HADOOP: Contribute a limited/specific amount of storage as a slave to the cluster
In this task(4.1) we will be discussing how Hadoop contributes its limited or specific amount of storage as a slave to the cluster.
Lets first dig slightly into the main concepts of Hadoop known so far:
Hadoop is an open-source software framework used for storing and processing Big Data in a distributed manner on large clusters of commodity hardware. Hadoop is licensed under the Apache v2 license.
Hadoop was developed, based on the paper written by Google on the MapReduce system and it applies concepts of functional programming. Hadoop is written in the Java programming language and ranks among the highest-level Apache projects. Hadoop was developed by Doug Cutting and Michael J. Cafarella.
Features of Hadoop
When machines are working as a single unit, if one of the machines fails, another machine will take over the responsibility and work in a reliable and fault-tolerant fashion. Hadoop infrastructure has inbuilt fault tolerance features and hence, Hadoop is highly reliable.
Hadoop uses commodity hardware (like your PC, laptop). For example, in a small Hadoop cluster, all your DataNodes can have normal configurations like 8–16 GB RAM with 5–10 TB hard disk and Xeon processors.
But if I would have used hardware-based RAID with Oracle for the same purpose, I would end up spending 5x times more at least. So, the cost of ownership of a Hadoop-based project is minimized. It is easier to maintain a Hadoop environment and is economical as well. Also, Hadoop is open-source software and hence there is no licensing cost.
Hadoop has the inbuilt capability of integrating seamlessly with cloud-based services. So, if you are installing Hadoop on a cloud, you don’t need to worry about the scalability factor because you can go ahead and procure more hardware and expand your setup within minutes whenever required.
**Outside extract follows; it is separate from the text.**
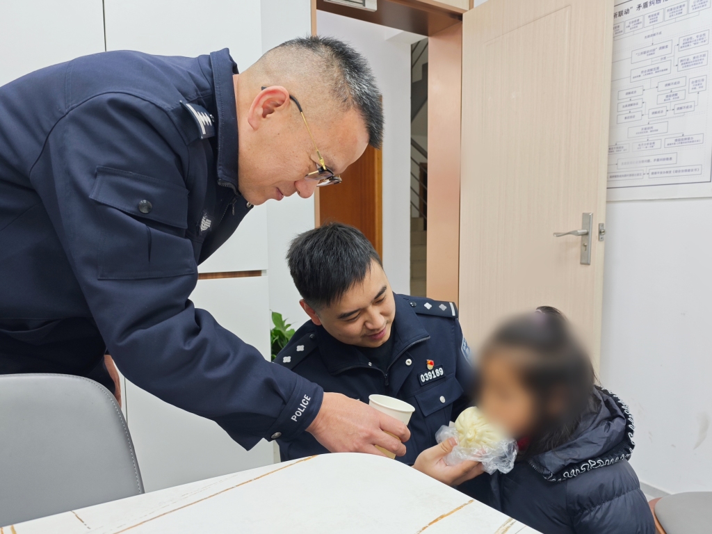 接到求助后,民警迅速赶赴现场。“当时她小手冻得通红,脚上什么也没穿,看得人心里一紧。”据民警回忆道,当时小女孩衣着单薄,浑身不停地在颤抖。没有任何犹豫,民警立即脱下自己的内胆外套,披在小女孩的身上。由于她年龄尚小,无法说清家庭住址,询问周边邻居后也暂无有效信息,民警便先将其带回派出所安置。回到大桥派出所后,民警为她端来热水,买来热气腾腾的肉包,一边轻声安抚小女孩,一边抓紧联系其家人。

Hadoop is very flexible in terms of the ability to deal with all kinds of data. We discussed “Variety” in our previous blog on Big Data Tutorial, where data can be of any kind, and Hadoop can store and process them all, whether it is structured, semi-structured, or unstructured data.
These 4 characteristics make Hadoop a front-runner as a solution to Big Data challenges. Now that we know what is Hadoop, we can explore the core components of Hadoop. Let us understand, what are the core components of Hadoop.
- It is the master daemon that maintains and manages the DataNodes (slave nodes)
- It records the metadata of all the blocks stored in the cluster, e.g. location of blocks stored, size of the files, permissions, hierarchy, etc.
- It records every change that takes place to the file system metadata
- If a file is deleted in HDFS, the NameNode will immediately record this in the EditLog
- It regularly receives a Heartbeat and a block report from all the DataNodes in the cluster to ensure that the DataNodes are alive
- It keeps a record of all the blocks in the HDFS and DataNode in which they are stored
- It has high availability and federation features which I will discuss in HDFS architecture in detail
- It is the slave daemon which runs on each slave machine
- The actual data is stored on DataNodes
- It is responsible for serving read and write requests from the clients
- It is also responsible for creating blocks, deleting blocks, and replicating the same based on the decisions taken by the NameNode
- It sends heartbeats to the NameNode periodically to report the overall health of HDFS, by default, this frequency is set to 3 seconds
In the starting when two name nodes have been connected to the Datanode whatever volume we have given to the root volume will be shown and now let's see how the Datanode can give some specific amount of storage to the Namenode.
At first, we need to create a volume let’s say 1Gb volume in the same instance as our cluster is. Then attach the newly created volume to one of the Datanode or the slave node.
As visible our created 1GB volume has been attached to this slave. The next step is to create a partition of the volume recently attached.
Here ’n’ represents the creation of a new partition.
‘p’ is the printing of the partition table
‘w’ is writing table to the disk and exit
As visible, the formatting is done successfully now the next step to be done is creating a directory and then we have to replace the existing directory in the HDFS folder using the newly created one.
Now after stopping the Datanode restart the same once more and after entering Hadoop dfsadmin -report we will be able to identify the 1GB storage attached to the Namenode.
Thank you for your patient reading!! Hope I was able to deliver to the best of my knowledge.